The bar feels truncated, like someone arbitrarily lopped off half of it during construction. While most sushi bars run straight down the length of the chef's sushi station, which occupied the entire east wall, this one was restricted to a corner, so that it felt small even though I was sitting smack-dab in the middle of it.
"We purposely made the bar smaller in Houston because most Houston restaurants have smaller sushi bars," Vlad Fish, The Blue Fish's area manager, explained later. "Our sushi bar in Dallas has many more seats."
While I might be inclined to buy that explanation, there's also the fact that the bar sits low — level with the rest of the tables in the restaurant — so that interaction with the sushi chef is not face to face.

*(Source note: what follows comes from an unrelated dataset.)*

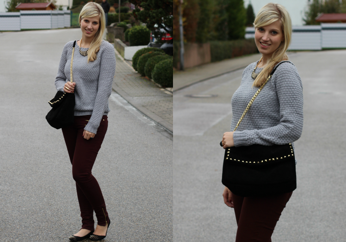Today the stores in town were open for business in the afternoon so I went for a walk through the stores with my mom and sister. I was able to finally buy the Chai Latte-mix and am enjoying it while typing this. Due to the cold weather, I had to wear a thick knitted sweater and I also got to wear my new burgundy pants as well as my new favorite bag from Zara that I just absolutely adore. How do you like the outfit?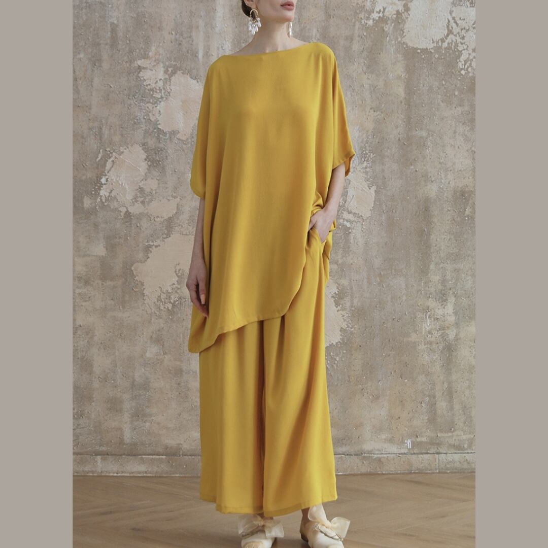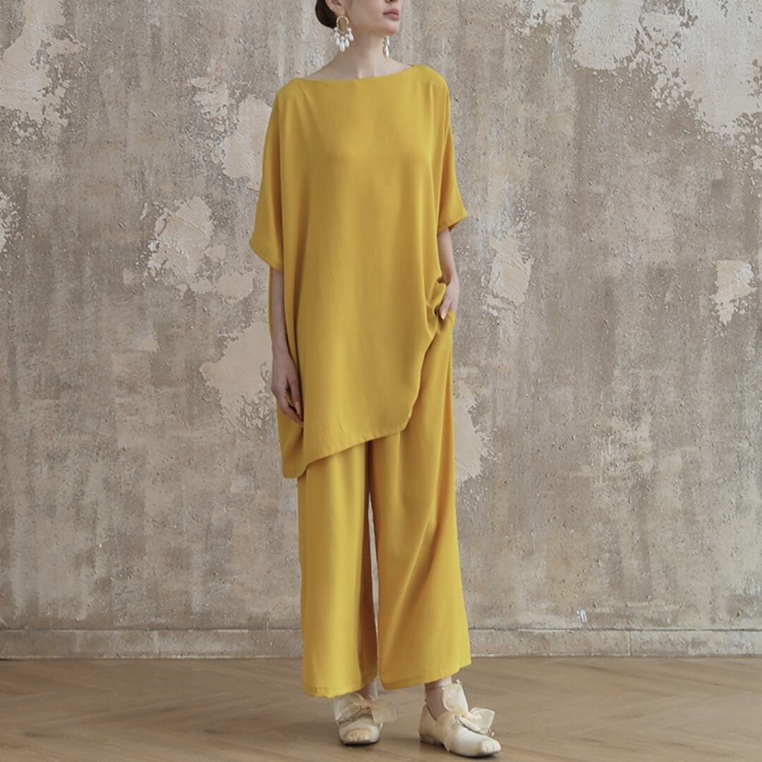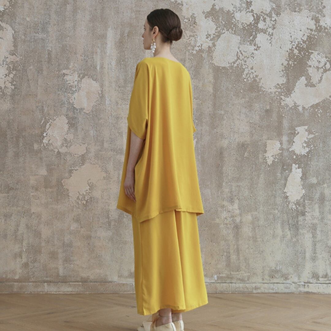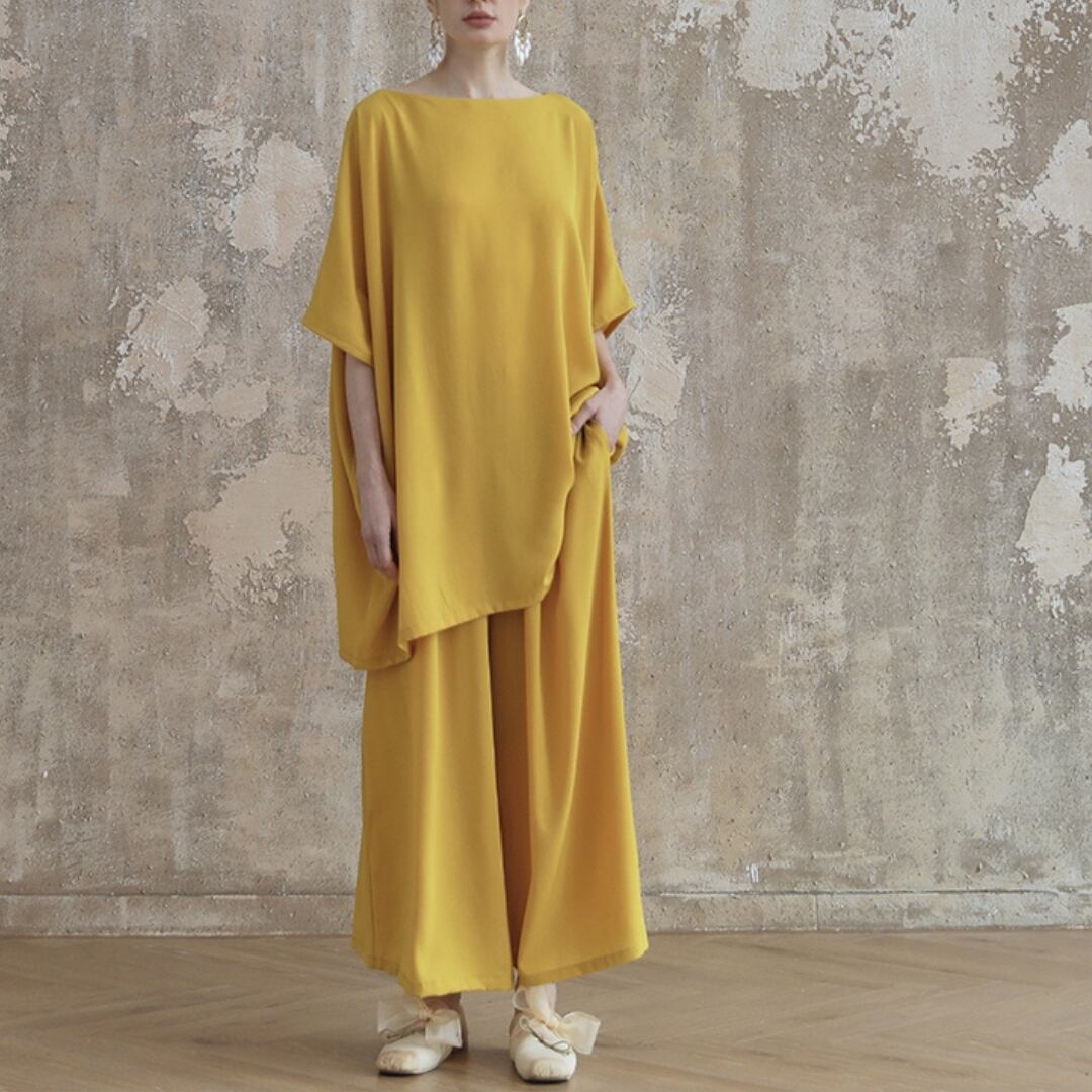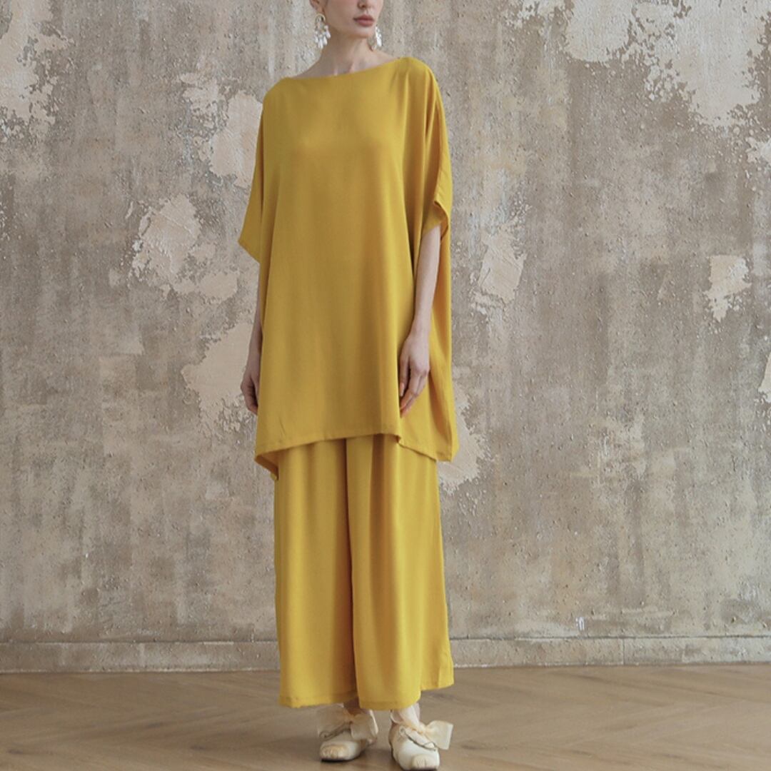 リラックス感のあるワイドシルエットと落ち感の美しいドレープが、自然体で洗練された大人の魅力を引き立てます。お出かけにも、おうち時間にもフィットするセットアップです。

Instead, it's awkwardly hindered by a foot of blue-lit wall. When you walk in and see the sushi chefs working intently, heads bent, their chef's whites starkly contrasting against a shiny backdrop of blue-tiled walls adorned with fish, it's almost as if they're just standing there for show.
It kind of makes sense, considering the location of this restaurant, situated as it is on Washington Avenue, an area known more for its club and social scene than for its food. The general ambience and decor are rather club-like, with black partition walls, glowing, blue-lit back lighting, and lightly throbbing techno music.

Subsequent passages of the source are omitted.